テーブルに料理を並べる。ほかほかと湯気が立ち、なんとも美味しそう。自分で作ったということもあり、まるで我が子のよう。
「ああ、なんて美味しそうなんだ。美味しいって言ってくれるかな? テルルくんは肉料理が好きって言ってたから、きっと気に入ってくれるだろうなぁ。スズはどうかな、お湯も温めてあるし、熱いお茶がだせるぞ」
こうして一通り朝の用事を済ませた。

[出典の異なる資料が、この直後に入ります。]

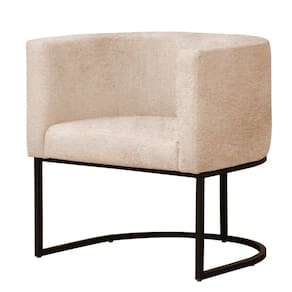 Poltrona Reforçada Decorativa Sala Gabriela Base Ferro Preta Suede - Bege

その日暮らしのポセットには、朝食の用意というものはとても新鮮で、楽しさすらあった。
しかし、エプロンをたたむと急に我に返って、熱も冷めた。
「そもそも、なんで僕が朝ご飯を……」
「あたりまえでしょ。不法侵入者なんだから」
スズが寝室から出てきた。長い銀の髪がめちゃくちゃになっているが、手で何度かガシガシ梳くと、さらりと流れるストレートになった。

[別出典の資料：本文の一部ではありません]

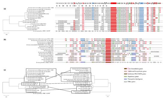 Serrawettin W1 gene cluster analysis. The phylogenetic relationship was established with Mega X software by the Neighbor-Joining method on aligned serrawettin W1 gene clusters of Serratia strains ATCC 13880, CDC_813-60 DP21, UMH8, IOMTU 115, DSM 21420, VGH107, EGD-HP20, WW4, FS14, BIDMC81, TEL NODE_13, NBRC 102599, BXF1, A2, AS13, AS9, and AS12. (a) Phylogenetic tree based on protein sequences of the serrawettin W1 biosynthetic gene cluster on an established genetic organization. (b) Serrawettin W1 biosynthetic gene clusters based on natural genetic organization. (c) Comparison of the phylogenetic tree based on protein sequences of the serrawettin W1 biosynthetic gene clusters (left) with the phylogenetic tree of the serrawettin W1 biosynthesis protein (right). The scale bar of 0.050 infers the nucleotide substitutions per 100 nucleotides.

「不法侵入って君は言うけど、ここに僕を連れてきたのはテルルくんであって……」
「ぐだぐだ言わないの。ふっ飛ばすわよ」
問答無用。
スズは掃除チェックをして、それから椅子に座った。
「さて、まずかったら承知しないわよ」
スズはバクバク食べていく。ポセットの分も結局半分ほど食べた。
「あぁ、僕のご飯……」
「ちょっと! 茶が熱いわよ! ふっ飛ばされたいの?」
朝からぷんぷん怒るスズ。ポセットは早くも疲れ始めていた。
「食べたら食器片付けて、洗濯物お願いね。あと、干した洗濯物を取り込んで、たたんで、しまうの。わかった?」
言われた通りにするほかない。おばあさんのドレスは入場料分働くまでどこかに隠されていて、返してもらえない。

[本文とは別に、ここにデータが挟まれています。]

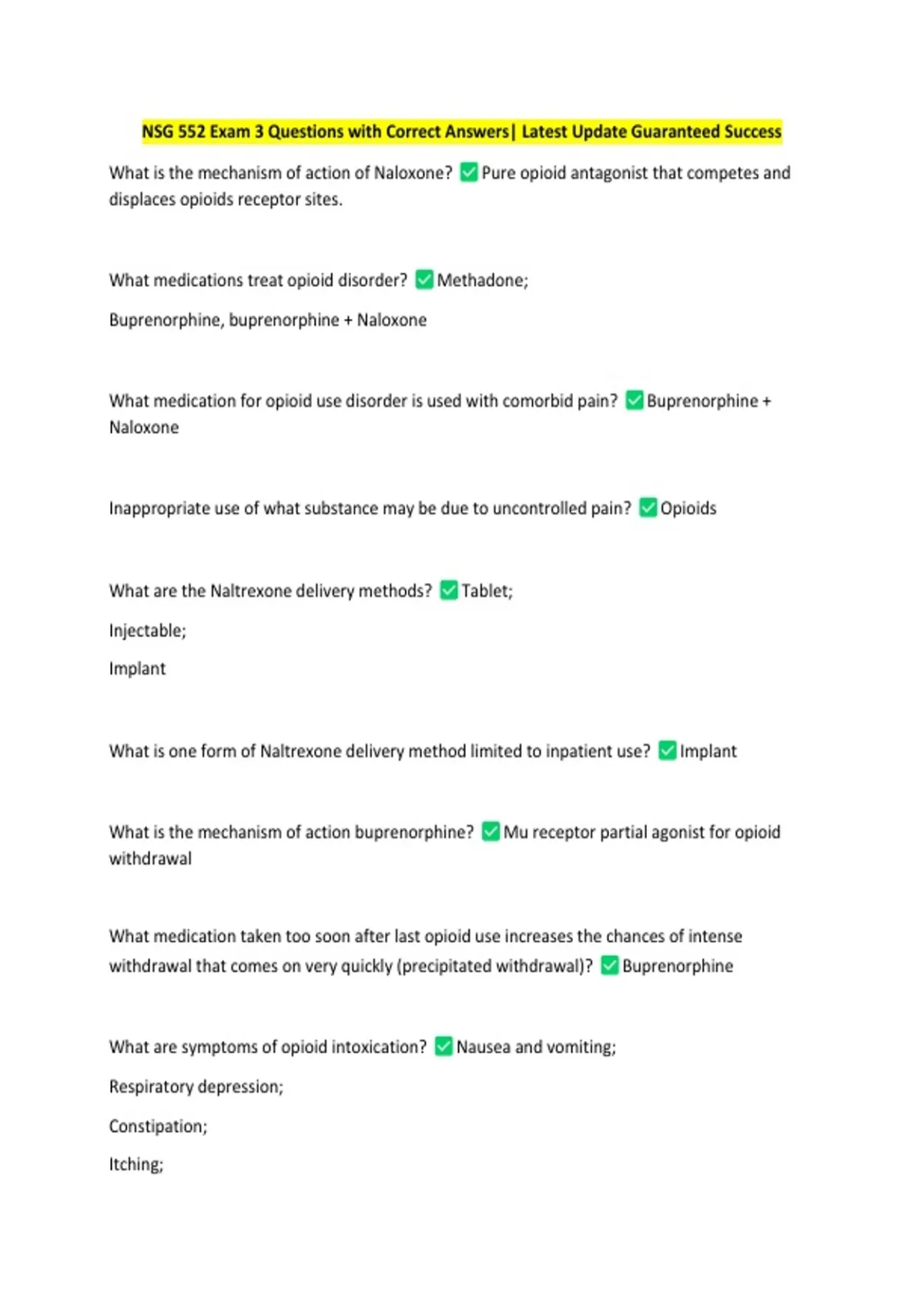 NSG 552 Exam 3 Questions with Correct Answers| Latest Update Guaranteed Success

「どのくらい働けばいいのさ? 僕はそういつまでもここにはいられないんだ」
ポセットがうんざりした様子で言う。スズが答えるのには時間がかかった。
「そのうち、飽きたら返してあげるわよ。それまでしっかり働きなさい」
「なんだよ、飽きたらって……」
「テルルを起こしてくるから、あなたは薪を燃やして暖をとって。朝は寒いわ」
静かな小屋の中。ポセットは昨日のことを思い出していた。
昨日は一日中、旅の話を延々語らされた。大きな風車の回る町、紛争の絶えない町、命からがら谷を越えたときの話や、山賊に襲われた時の話……。
「外って……、そんな怖いところなんだ……」
夢を壊すような真似をして、テルルには悪いことをしたと思う。町から出たことのないこの二人にとって、旅とは自由の象徴であるようだった。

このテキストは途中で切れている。